El accidente, que le produjo múltiples fracturas, la obligó a permanecer en cama por más de un año, tiempo en el que pintaba acostada, tiempo de pérdida de la inocencia, que trastocó su forma de aprehender el mundo. “Yo ya lo sé todo, sin leer y escribir. Hace poco, casi unos días, era una niña y caminaba por un mundo de colores, de formas duras y tangibles. Todo era misterioso y ocultaba algo; descifrar, aprender, me gustaba más que un juego. Si supieras qué terrible es conocer todo súbitamente, como si un relámpago iluminara la tierra. Ahora habito en un planeta doloroso, transparente como el hielo, pero que nada oculta, como si todo lo hubiera aprendido en segundos”, escribió.

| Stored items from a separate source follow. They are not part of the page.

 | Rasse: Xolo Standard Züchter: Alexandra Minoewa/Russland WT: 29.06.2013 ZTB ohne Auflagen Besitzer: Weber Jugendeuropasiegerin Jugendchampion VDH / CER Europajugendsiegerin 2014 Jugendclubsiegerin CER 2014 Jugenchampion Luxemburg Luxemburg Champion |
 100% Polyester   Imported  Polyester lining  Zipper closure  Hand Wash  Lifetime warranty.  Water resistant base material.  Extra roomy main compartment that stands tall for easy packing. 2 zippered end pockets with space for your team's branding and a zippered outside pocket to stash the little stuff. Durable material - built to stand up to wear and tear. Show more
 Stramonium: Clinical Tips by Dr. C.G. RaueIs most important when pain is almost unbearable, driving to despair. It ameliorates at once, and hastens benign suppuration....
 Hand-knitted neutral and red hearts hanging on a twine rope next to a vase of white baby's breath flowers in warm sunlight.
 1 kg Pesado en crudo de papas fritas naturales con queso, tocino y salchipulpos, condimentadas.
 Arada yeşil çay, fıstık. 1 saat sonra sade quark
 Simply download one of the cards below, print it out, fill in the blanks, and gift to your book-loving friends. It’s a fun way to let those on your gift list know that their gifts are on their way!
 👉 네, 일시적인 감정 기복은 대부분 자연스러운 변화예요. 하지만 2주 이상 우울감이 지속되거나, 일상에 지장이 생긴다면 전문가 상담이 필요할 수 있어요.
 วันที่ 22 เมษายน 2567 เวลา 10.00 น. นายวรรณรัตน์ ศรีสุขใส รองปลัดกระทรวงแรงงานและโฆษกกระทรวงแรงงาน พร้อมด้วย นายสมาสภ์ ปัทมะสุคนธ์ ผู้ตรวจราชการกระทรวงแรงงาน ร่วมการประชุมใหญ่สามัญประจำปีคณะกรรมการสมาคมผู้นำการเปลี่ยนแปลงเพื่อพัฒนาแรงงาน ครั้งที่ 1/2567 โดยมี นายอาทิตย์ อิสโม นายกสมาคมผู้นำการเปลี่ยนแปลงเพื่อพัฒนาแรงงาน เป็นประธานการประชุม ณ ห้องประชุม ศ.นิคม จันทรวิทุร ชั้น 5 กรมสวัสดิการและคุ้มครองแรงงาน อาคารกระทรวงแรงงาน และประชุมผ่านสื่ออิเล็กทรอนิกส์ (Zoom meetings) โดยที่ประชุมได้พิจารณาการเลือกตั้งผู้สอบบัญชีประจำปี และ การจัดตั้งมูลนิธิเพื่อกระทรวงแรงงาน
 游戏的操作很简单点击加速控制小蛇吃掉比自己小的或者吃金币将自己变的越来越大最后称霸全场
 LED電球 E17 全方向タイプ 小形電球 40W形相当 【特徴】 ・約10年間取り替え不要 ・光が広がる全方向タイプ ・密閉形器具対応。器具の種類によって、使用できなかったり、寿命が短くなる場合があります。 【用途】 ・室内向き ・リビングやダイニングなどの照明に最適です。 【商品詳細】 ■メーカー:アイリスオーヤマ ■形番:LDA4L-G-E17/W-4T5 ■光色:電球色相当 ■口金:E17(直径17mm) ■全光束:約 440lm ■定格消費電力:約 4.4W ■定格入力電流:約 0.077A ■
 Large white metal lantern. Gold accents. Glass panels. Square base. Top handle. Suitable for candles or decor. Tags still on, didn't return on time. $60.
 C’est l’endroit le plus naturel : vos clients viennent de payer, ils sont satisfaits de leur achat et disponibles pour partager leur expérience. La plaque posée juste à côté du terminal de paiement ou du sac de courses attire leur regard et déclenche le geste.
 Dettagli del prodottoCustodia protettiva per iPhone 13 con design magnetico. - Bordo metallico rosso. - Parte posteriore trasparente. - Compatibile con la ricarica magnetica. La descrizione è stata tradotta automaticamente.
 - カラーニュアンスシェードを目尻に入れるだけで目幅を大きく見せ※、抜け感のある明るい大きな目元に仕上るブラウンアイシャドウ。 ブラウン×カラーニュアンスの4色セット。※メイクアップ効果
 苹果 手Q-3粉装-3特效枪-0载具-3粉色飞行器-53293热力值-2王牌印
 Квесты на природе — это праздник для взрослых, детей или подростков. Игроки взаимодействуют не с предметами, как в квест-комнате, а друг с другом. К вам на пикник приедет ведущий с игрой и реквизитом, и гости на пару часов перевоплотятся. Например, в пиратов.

En los casi 50 años que vivió la mexicana, sus vínculos eran en ocasiones un refugio o un escape. Fue amante de León Trotski y de varias personas más, que sobre el final de su vida eran en su mayoría mujeres. También disfrutó de los viajes, de ropas hermosas, de reuniones de artistas entre risas y de buenos tragos.
Pero sobre todo, Frida peleó y resistió: pintaba con la mano casi paralizada; pintaba cuando se deprimía porque Diego andaba con otra; pintaba después de que le amputaran la pierna derecha. Debido a una cirugía practicada en Nueva York, en la que le fusionaron cuatro vértebras lumbares, le pusieron un injerto de pelvis y una placa de vitalio de 15 cm, Frida terminó dependiente de los calmantes, el demerol y la morfina, para sofocar algo del dolor insoportable.
Frida Kahlo, una biografía reseña el período de los años 40, época en la que dio clases en la Escuela de Artes de Pintura y Escultura de la Secretaría de Educación Pública, lo que dio origen al grupo de Los Fridos, integrado por Fanny Rabel, Arturo García Bustos, Guillermo Monroy y Arturo “El Gëro”, que se mantuvieron fieles a la pintora. Reseña asimismo el período en Estados Unidos junto a Rivera, su estancia en París, donde vivió con Marcel Duchamp, que le facilitó exponer en la galería Renou et Colle. De esos días, Frida recordó: “No podéis imaginaros lo joputas que son esta gente. Se sientan durante horas en los cafés calentando sus hermosos traseros y hablando de esto y aquello. Al día siguiente no tienen nada que comer porque ninguno de ellos trabaja”.
El libro termina con los últimos días de Frida, solitarios y regados de tequila, coñac, brandy y analgésicos. Sobre el final dejó de pintar autorretratos y hacía solo naturalezas muertas. Aunque ya no vivían juntos, Rivera (“Diego, mi padre, mi hijo, mi universo”) la visitaba con frecuencia. Las lecciones que le tocaron a Frida en vida fueron muy duras, por eso ella pudo expresar con todo derecho: “Espero que la salida sea gozosa y espero no volver jamás”.